受験はひとりじゃなくて仲間と乗り越えるものだと思うんだ
高校3年生の春
合格通知をひとつも手にすることができませんでした。
中高は優等生くらいには成績は良く、部活動にも参加しながら、ほとんど塾や予備校にも通わず、自力で勉強して、有名大学の推薦も取れるくらいにはいました。
それでも私は合格通知を手にできないまま、桜の季節を迎えました。
父に頭を下げ、はじめて予備校に通いました。私の入ったクラスは一番下。優等生だった私としてはプライドが傷つけられました。でも確かに私は受験の基礎すら知識として全く備わっていなかったのです。
約40名の理系で一番下のクラス。その中で女の子はたった3人。予備校で常に前の方に座っていた私は特に目立っていたでしょう。また、予備校の授業後にほとんど勉強をしないクラスメイトをおいて、私は自習室に篭もり、勉強しました。
学生生活にはどうしても存在する茶化すような男子たちも、理系とはいえ居ます。その存在も面倒で、さらには切磋琢磨しようもないクラスメイトをおいて、私はSNSをはじめました。

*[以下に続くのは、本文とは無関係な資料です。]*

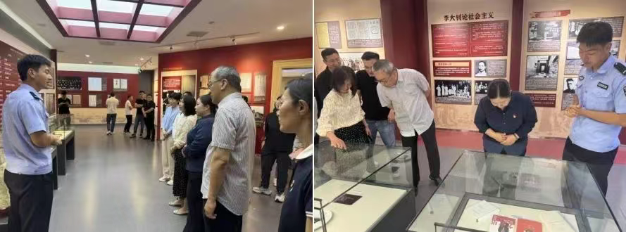 当日,在天津警察学院思政部李悦副教授的带领下,老师们怀着无比崇敬之情踏入李大钊烈士纪念室。在讲解员的深情讲述下,老师们通过一幅幅生动的历史图片、一件件珍贵的历史文物和一段段翔实的文字资料,深入了解李大钊同志的成长经历、革命事迹和历史贡献,切身感悟他的革命思想、崇高精神和伟大人格。参观过程中,老师们不时驻足凝视,相互交流讨论,深刻领悟“大钊精神”的丰富内涵。
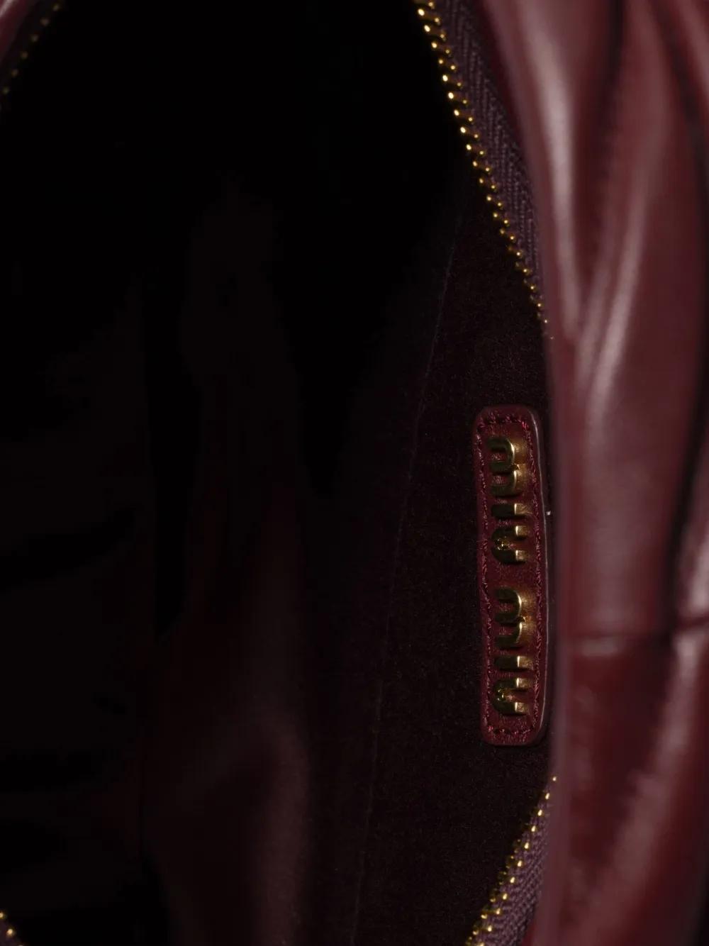 burgundy matelassé motif gold-tone hardware metal lettering logo zip closure
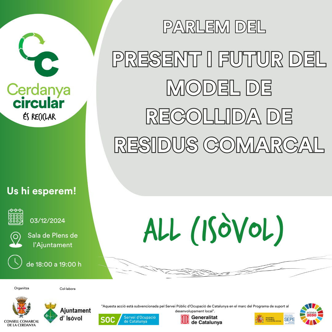 El Consell Comarcal de la Cerdanya convoca una reunió/xerrada informativa per a tots els veïns del municipi que hi vulguin assistir, per parlar del nou model de recollida de residus que s’implementarà properament a tota La Cerdanya.
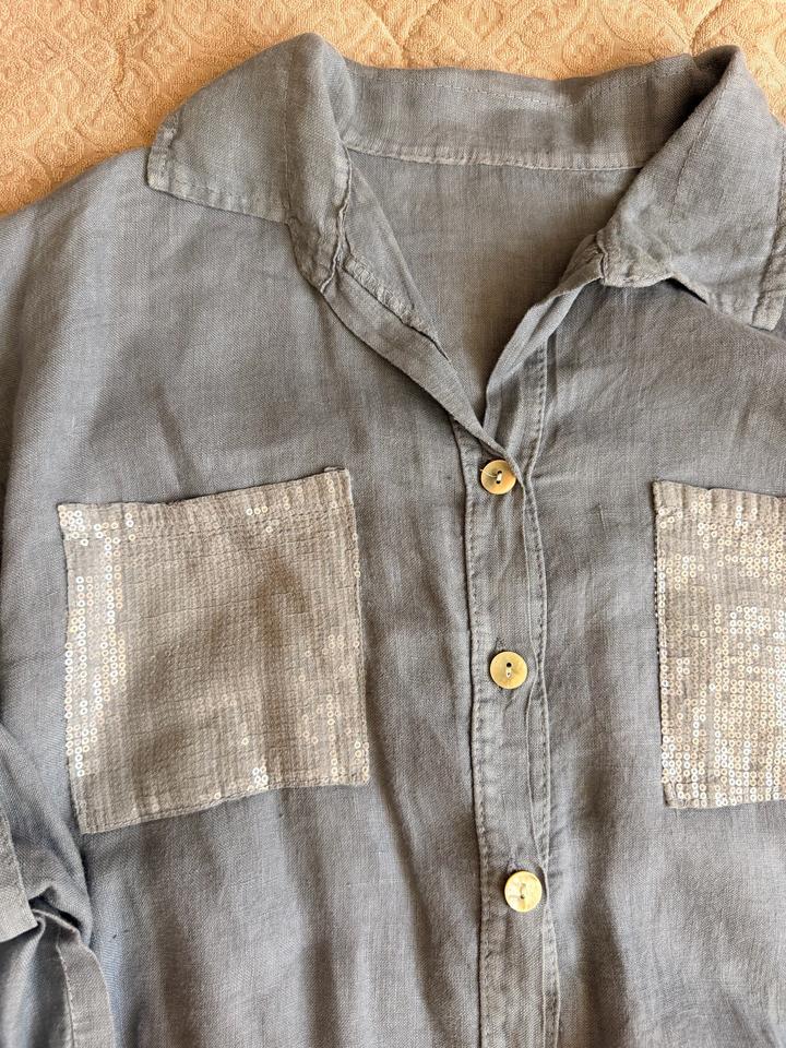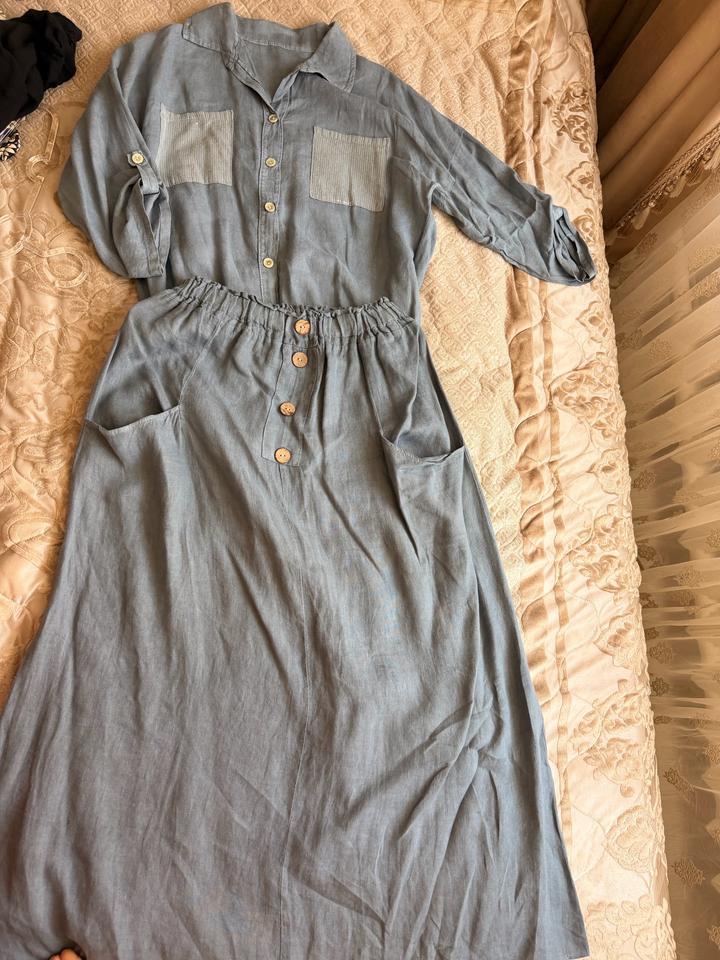 Нежный casual с дорогим звучанием 💙 Комплект: блузка + юбка из лёгкой натуральной ткани. Мягкая резинка на талии — комфортно садится и красиво подчёркивает фигуру. Деликатный блеск пайеток + спокойный оттенок = стиль без усилий. Состояние отличное ✨ Подойдет 44-48 Артикул: 599424

同じ浪人生でなんとなくゆるくつながり、私は毎日その日の目標と勉強記録を投稿しました。毎日勉強するための、小さな小さな楽しみでした。理系でも特殊な数Ⅲの演習ノートの投稿や、苦手だった英語長文もどんどん伸びていくのを感じ、そのノートなど、毎日投稿するために勉強、いや勉強するために投稿していました。
そこには愚痴を零すし、でも「頑張ろう」「頑張るしかない」と自分を励ましながら過ごす日々。それでも辛くなった時は、同じ浪人生の投稿を見て、モチベーションを上げていました。今の私でもこのSNSの使い方は良かった思っています。
予備校の人とはほとんど話さず、机と使用時間制限のかけたスマホを繰り返す毎日は、本当に勉強だけする日々でした。
浪人してようやく、少し早い時期の早期選考の一般受験にはじめて受かりました。合格を手にしました。でもその後、本命の第一志望を含め、そこ以上の偏差値の大学から合格通知が来ることはありませんでした。
「もっとできたんじゃないか」
そう何度も思いました。どこが良くなかったのか、どうしたら良かったのか、何度も何度も考えました。でも、大学受験はあれが私の本気で全力で最大限で精一杯だったと思うのです。あのとき以上の勉強、ストレス、内容は、きっと私には無理だったような気がします。
こんなこと書いてますが、それでも唯一の合格通知がきた大学は、偏差値さえ高ければ第一志望にしていました。それだけの納得感、通っていても楽しかった大学生活だったから、良いのです。楽しかったですよ。
でも、第一志望への憧れや夢は心の中にずっといるし、「もっとできたんじゃないか」と思います。
でもどんなに考えても、その「もっと」はできなかった気はする。ただ、私には唯一できたことがあったんじゃないかと度々思うのです。
それはリアルで一緒に受験をする仲間を作ること。
私はプライドが傷つけられて、予備校のクラスメイトを拒みました。切磋琢磨できる仲間はSNSにいたし、そこからリアルに友達になった人もいます。受験期間、それ以降のコロナ禍でも、SNSを通じて電話したり、一緒に勉強したり、そんな出会いもありました。
でも、リアルのつながりには敵わないような気がするんです。目の前で一緒に勉強できる仲間、共に愚痴り、また頑張れる。そんな存在が、もしかしたら受験では一番の味方で仲間でライバルで、そんな存在になれるような気がするんです。
だからもし私がまた大学受験をするのなら、リアルで頑張る仲間を作りにいくと思います。そうじゃなくても、もしなにかを頑張りたくなったら、仲間を欲するような気がするんです。
同じ受験を経験できるのは、同じ世代だけなんです。
今どき毎年問題は変わるし、いつシステムが変わるかも分からない。教えてくれる先生も、親も、同じ受験は経験していない。だからこそ、同じ受験をする同世代の仲間の存在が一番の心の支えになると思うのです。